The competition for every square meter is so fierce that vacant lots are virtually non-existent. Owning an apartment in central neighborhoods has become an unattainable dream not only for the low-income population but also for the professional middle class. The urban landscape completely lacks significant green spaces, and urban voids, essential for the city's breathing, have been completely eliminated.
Faced with this dystopian reality, two visionary proposals from the thesis “Collateral Spaces: Support for Imagining Mumbai's New Voids,” developed at the Faculty of Architecture of the University of Porto under the supervision of Professors Jorge Figueira and Teresa Cálix, offer innovative solutions.

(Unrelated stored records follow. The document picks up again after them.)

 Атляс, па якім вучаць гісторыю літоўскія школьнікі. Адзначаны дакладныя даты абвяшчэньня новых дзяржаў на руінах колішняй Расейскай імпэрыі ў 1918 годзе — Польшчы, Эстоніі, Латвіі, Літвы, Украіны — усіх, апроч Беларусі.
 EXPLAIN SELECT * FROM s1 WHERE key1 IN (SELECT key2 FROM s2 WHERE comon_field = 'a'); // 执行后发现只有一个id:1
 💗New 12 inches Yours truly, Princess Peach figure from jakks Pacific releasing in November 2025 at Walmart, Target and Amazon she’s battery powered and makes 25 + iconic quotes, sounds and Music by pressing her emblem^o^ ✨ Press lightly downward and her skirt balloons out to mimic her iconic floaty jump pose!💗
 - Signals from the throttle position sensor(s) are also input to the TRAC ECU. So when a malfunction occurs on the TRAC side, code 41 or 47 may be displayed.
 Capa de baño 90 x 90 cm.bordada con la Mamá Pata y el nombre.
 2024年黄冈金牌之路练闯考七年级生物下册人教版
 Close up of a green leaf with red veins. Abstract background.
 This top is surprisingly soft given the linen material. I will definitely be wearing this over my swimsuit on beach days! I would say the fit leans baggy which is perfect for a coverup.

1. Airspace: New Elevated Urban Territories
The proposal leverages the 250 kilometers of Mumbai's elevated metro viaducts, particularly Line 7, which traverses several slums in the Mogra-Gundavali area. In contrast to the Slum Rehabilitation Authority's approach—which conventionally utilizes real estate capital for social housing—the "Aerial Space" proposes a radical social experiment by occupying the non-building space above the tracks.
This linear, meandering building intentionally houses different social classes in a single multipurpose megastructure. Coexistence takes place on a continuous, neutral platform, with all units guaranteed to be bright and airy, challenging the usual pattern of precarious social housing. This bold intervention would free up 23 hectares of land for the creation of parks, playgrounds, and plazas, transforming infrastructure into housing architecture and converting marginal spaces into new urban centers.

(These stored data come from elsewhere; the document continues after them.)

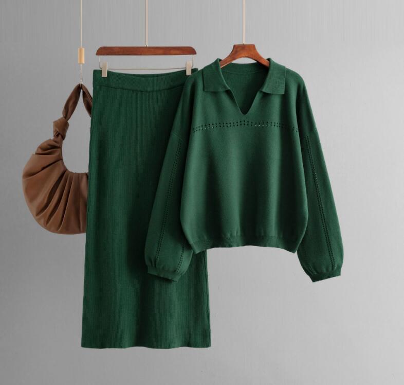 - 346 スカートスーツladiesレディース ◇ 秋冬 上質 ◇ 暖かい 厚手 ニット素材 グリーン
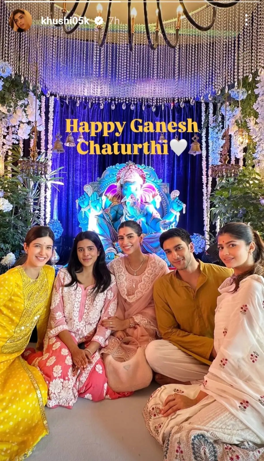 इस तस्वीर में खुशी कपूर और उनके दोस्तों का फेस्टिवल सेलिब्रेशन नजर आ रहा है। खुशी ने इस तस्वीर को इंस्टाग्राम पर शेयर करते हुए लिखा, ‘हैप्पी गणेश चतुर्थी’। फोटो में खुशी ने पीच कलर का खूबसूरत कुर्ता पहना हुआ है, जबकि वेदांग रैना मस्टर्ड कलर के कुर्ते में काफी हैंडसम नजर आ रहे हैं। उनके साथ इस फोटो में बेस्टफ्रेंड शनाया कपूर और वरुण धवन की भतीजी अंजिनी धवन भी दिखाई दे रही हैं। सभी के चेहरों पर गणपति उत्सव की खुशी साफ झलक रही है।
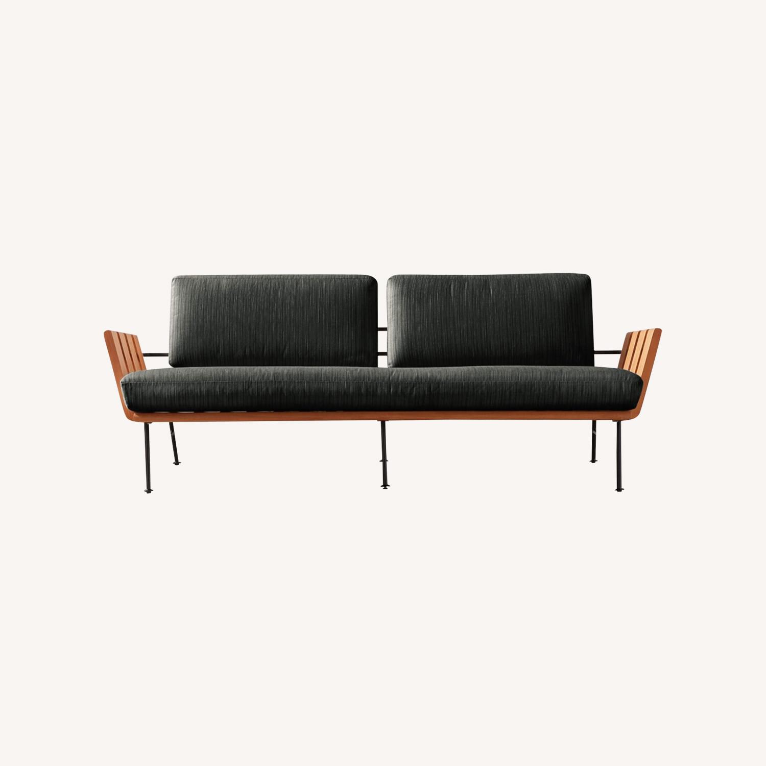 Seller's Notes:Teak Outdoor sofa by Lawson-Fenning for CB2 . Perennials Outdoor fabric cushions. Color: Coal. We have stored this indoors. In like new condition. Comes with a cover.
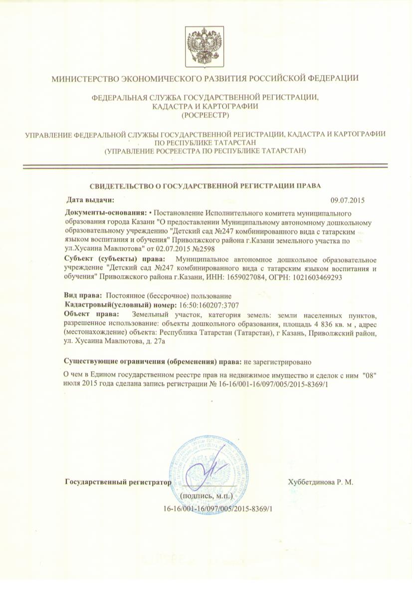 Муниципальное автономное дошкольное образовательное учреждение «Детский сад №247 комбинированного вида с татарским языком воспитания и обучения» Приволжского района г. Казани

2. Skyscraper of Air: The Architecture of the Immaterial
This proposal confronts the transformation of Parel's industrial voids into condominiums and shopping malls, instead presenting an immaterial verticality in the form of an artificial microclimate. The project echoes visionaries like Buckminster Fuller and his climate-controlled dome proposal for Manhattan, creating a permanent atmospheric "cloud" over the former factories.

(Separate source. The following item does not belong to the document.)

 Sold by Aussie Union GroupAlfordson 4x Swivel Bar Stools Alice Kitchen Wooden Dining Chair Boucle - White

The system combines monumental fig trees with hundreds of sensor-controlled high-pressure misters that maintain a constant temperature of 21°C. The mist takes on symbolic colors according to the Indian cultural calendar—saffron on Independence Day, vibrant hues during Holi. Perceived only by the mist and treetops, this "parallelepiped of air and humidity" serves as a manifesto for the preservation of urban voids, offering a cooled public space dedicated to leisure, cricket, and the simple enjoyment of citizens.
Vazio Inc.: Between Practice and Urban Research
Vazio S/A Arquitetura e Urbanismo operates at the intersection of conventional practice and critical research on urban voids. It adopts a proactive approach that understands informality, voids, and market forces as powerful drivers of new urban projects. In addition to traditional building work, it develops experiments through ideas competitions, academic publications, partnerships with social groups, and ephemeral urban interventions, always seeking new connections between contemporary culture and the production of architectural space.